Вокруг деревенских коттеджей играло множество ребятишек, еще не доросших до школы. Каждое утро их укутывали старыми платками, перекрестив концы на груди и завязав их сзади тугим узлом, совали им в руки что-нибудь съестное и велели «идти играть», пока мать занимается домашними делами. Зимой, когда их маленькие ручки и ножки от холода покрывались багровыми пятнами, они носились, играя в лошадок или паровозики. Летом стряпали «пироги» из пыли, смешивая ее с жидкостью самого интимного происхождения. Если малыш упал или ушибся, он не бежал в дом за утешением, потому что знал, что услышит лишь одно: «Поделом тебе! Надо глядеть, куда идешь!»
Эти дети напоминали маленьких жеребят, выпущенных на пастбище, и внимания получали примерно столько же. У них могли случиться, и часто случались, и насморк, и обморожение пальцев и кончиков ушей; но они почти никогда не заболевали так сильно, что оставались дома, и росли крепкими и сильными, а значит, эти порядки, должно быть, им подходили. «Крепче будут», – говорили их матери, и они действительно становились выносливыми – такими же крепкими телом и духом, как взрослые деревенские мужчины, женщины и старшие мальчишки и девчонки.
Иногда Лора и Эдмунд играли с другими детьми. Отцу это не нравилось; он говорил, что они превращаются в маленьких дикарей. Но мать настаивала: раз уж детям скоро в школу, им лучше сразу освоиться с деревенскими обычаями.
– А кроме того, – добавляла она, – почему бы им не общаться? С жителями Ларк-Райза все в порядке, разве что бедные, но бедность не преступление. Будь это так, нас и самих, скорее всего, повесили бы.

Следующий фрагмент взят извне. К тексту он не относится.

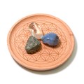 - Déposez vos pierres dans la coupelle en bois au motif fleur de vie.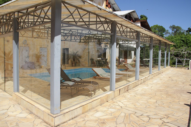 A pousada tem toda a estrutura para casais que querem curtir o clima de romance da serra, com muitas flores e até mesinhas para a gente sentar e tomar uma xícara de chá quentinho. Mas também existe uma piscina linda, com vista para serra também e várias cadeiras para a gente deitar e tomar sol. A piscina não é aquecida, mas é climatizada, o que já ajuda bastante no quesito frio.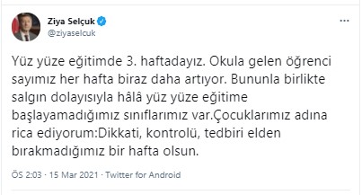 Milli Eğitim Bakanı Selçuk, kişisel Twitter hesabında yaptığı açıklamada 3 haftadır yüz yüze eğitime geçilen okullarda öğrenci sayısının her geçen gün arttığını belirtti.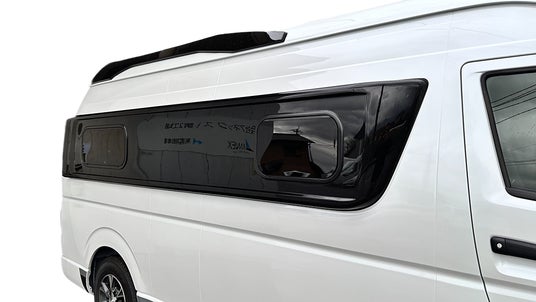 本モデルはハイエースのスーパーロングをベース車としたワイドボディー・ハイルーフのバンコンです。シリーズ最大のゆとりが生む上質な空間と、進化した「二人旅」のスタイルを、ぜひ会場にてご体感ください。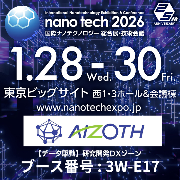 株式会社エイゾスは、2026年1月28日(水)から30日(金)の3日間にわたり、東京ビッグサイトにて開催されるnano tech 2026 国際ナノテクノロジー 総合展・技術会議に出展いたします。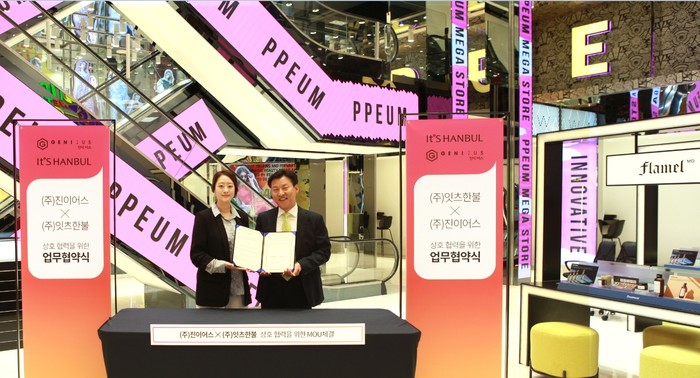 ㈜진이어스(대표 김민경)와 ㈜잇츠한불(대표 홍동석) 양사는 최근 개장한 예쁨주의 쁨의원 신논현점에서 공동 제품 개발을 통한 뷰티 신사업 추진 및 네트워크 확대를 위한 업무협약 MOU를 체결했다고 8일 밝혔다.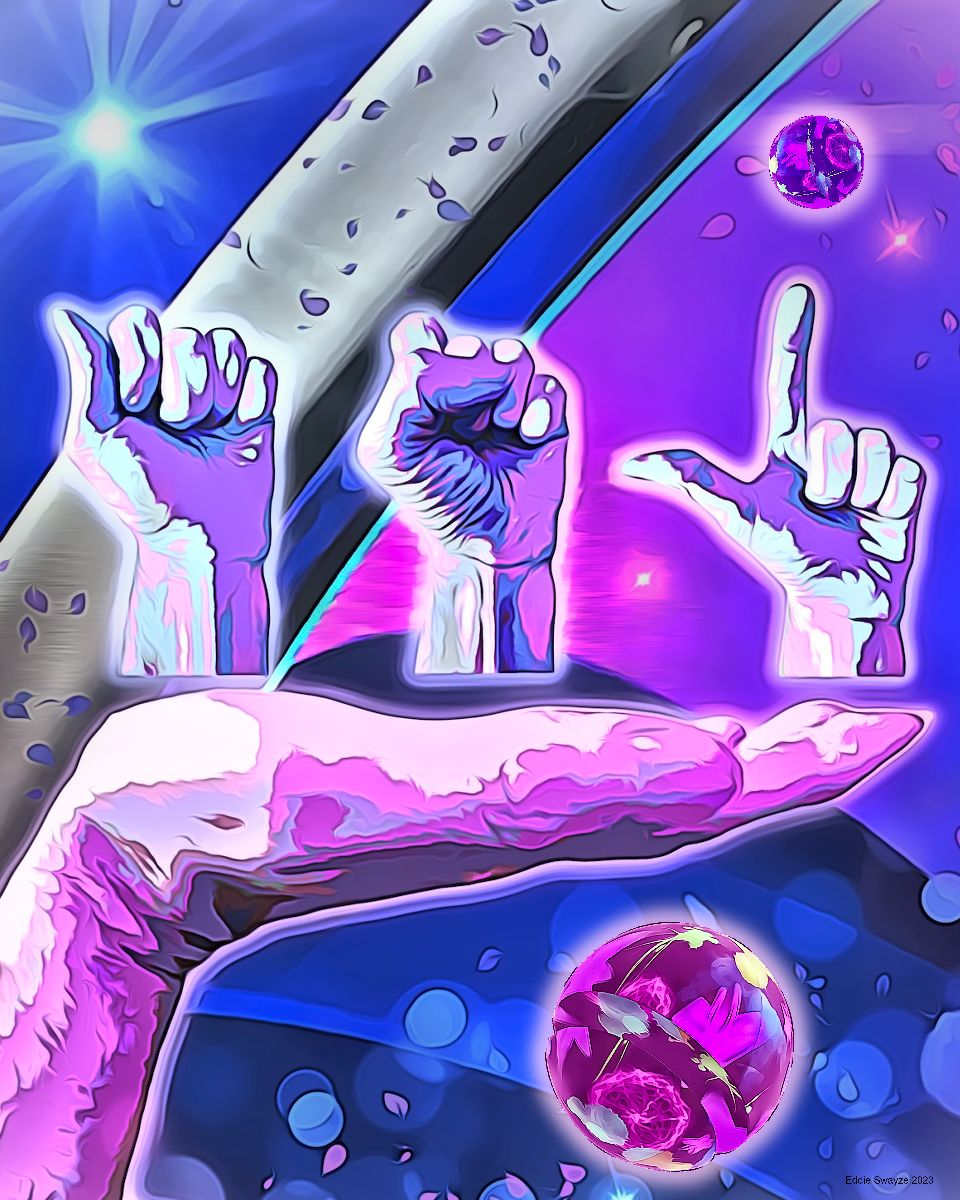 My hands in posterized effect and cartoon effect holding hands that say, "A.S.L." in fingerspelling with effects.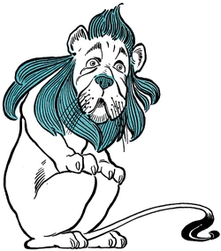 While accompanying Dorothy to find Glinda, The Good Witch of the South, the party traveled through a dark forest in the Quadling Country which was home to hundreds of beasts. These animals were being terrorized by a spider-like monster the size of an elephant. The Cowardly Lion agreed to fight this monster but, found it asleep and snapped its thin neck. The grateful animals made him their king and, after fulfilling his duty to Dorothy, he returned to rule over them.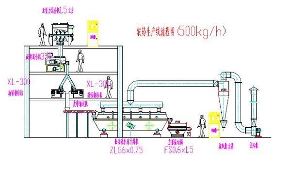 WDG水分散粒劑農藥工藝與設備流程:原料-----混合(干物料)---氣流粉碎機---捏合(濕物料)...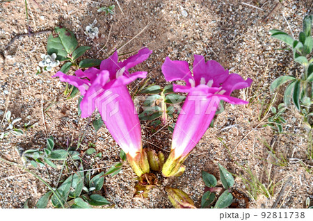 中国青海省 黄河源流の砂礫地に咲くノウゼンカズラ・コンパクタ

Поэтому дети выходили играть и нередко весело проводили время: выкладывали на земле домики из осколков разбитой посуды и меблировали их мхом и камешками; или лежали на животе в пыли, заглядывая в глубокие трещины, которые обязательно оставляла на жесткой глинистой почве засуха; зимой лепили снеговиков и катались по замерзшим лужам.

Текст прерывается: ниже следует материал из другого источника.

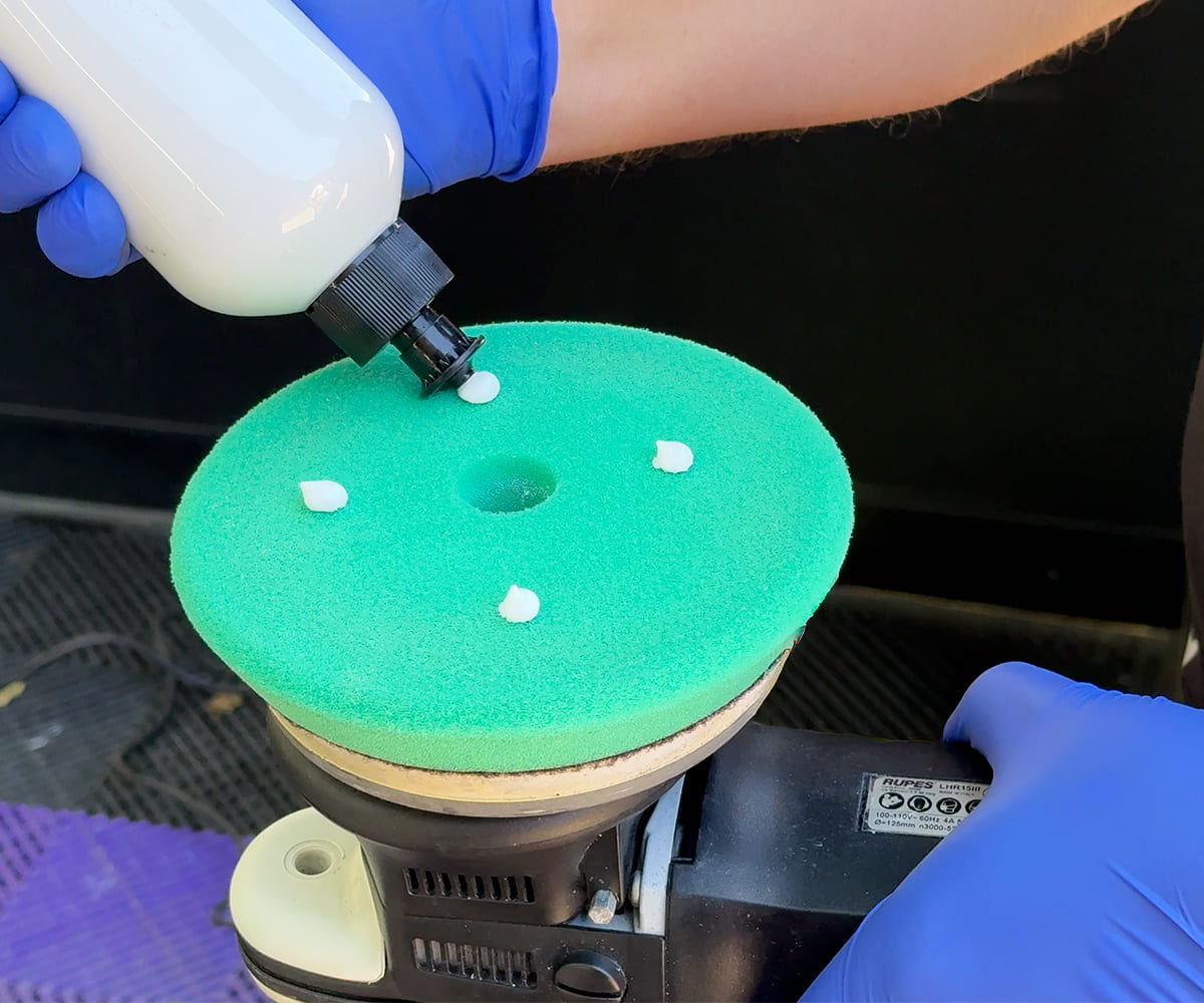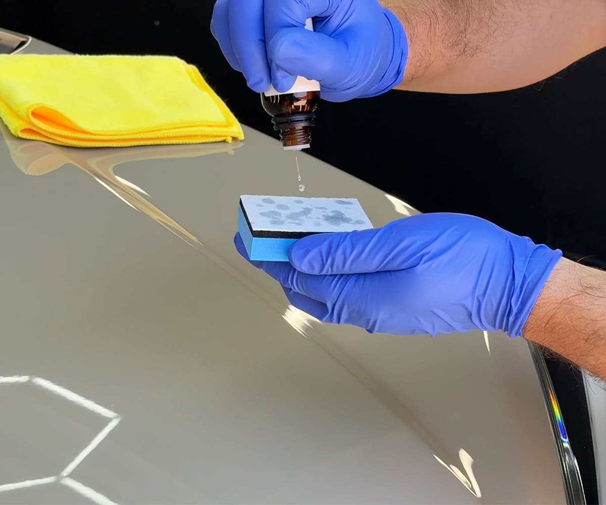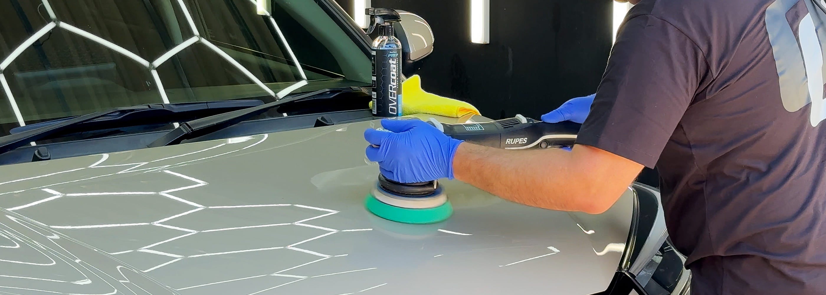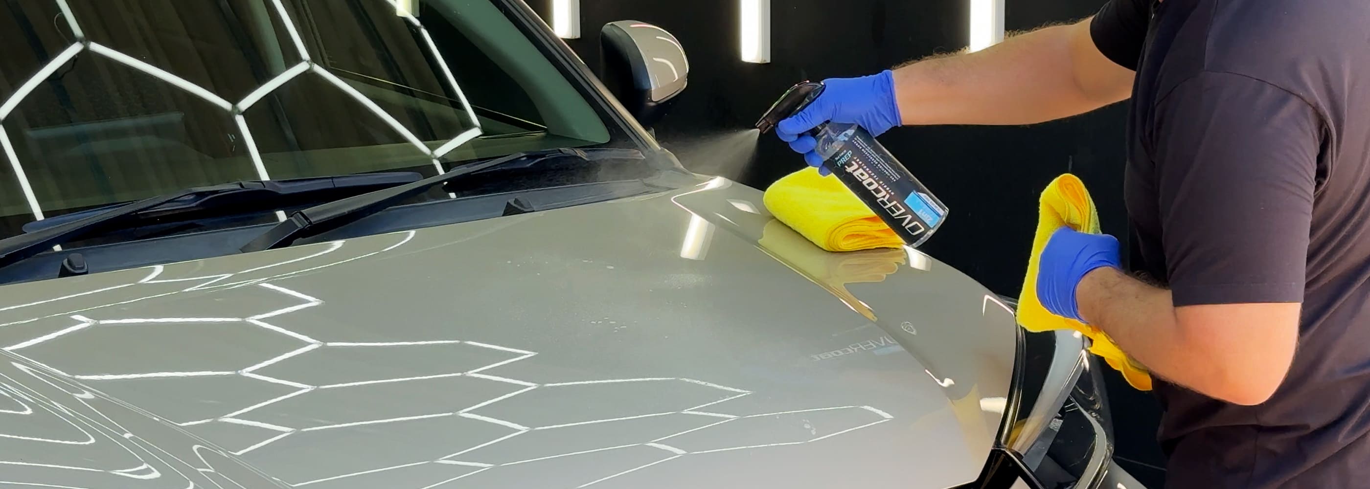 Before application, ensure the surface is cool. During hand or machine polishing, remove excess compound with a clean cloth, then spray Surface PREP onto the panel or a microfiber towel and wipe evenly. This step makes it easier to check for holograms and fine polishing marks before coating.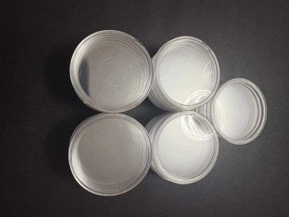 Dayanıklı malzemeden yapılmış yuvarlak beyaz madeni para kapsülleri

Случались и неприятности, если вспыхивали ссоры, и пинки и удары сыпались один за другим; как же сильно умели молотить маленькими кулачками двухлетние карапузы! Если деревенской матери говорили, что ее ребенок в ширину такой же, как в высоту, это считалось комплиментом, и некоторые из этих малышей в своих вязаных шерстяных одежках казались почти квадратными. Лору очаровала одна маленькая девочка по имени Рози Филлипс, пухленькая, крепенькая, розовощекая, как яблоко, с глубокими ямочками на щеках и волосами, напоминавшими медную проволоку. С какой бы силой ни врезались в нее другие дети во время игр, она стояла неколебимо, как скала. Драчунья из Рози вышла хоть куда, а зубки у нее были маленькие, острые, белые и очень кусачие. Двоим ребятам послабее в этих столкновениях всегда доставалось больше других. В конце концов они на длинных тощих ножках мчались к своей садовой калитке, а вслед им летели камни и вопли: «Задохлики! Бояки – драные собаки!»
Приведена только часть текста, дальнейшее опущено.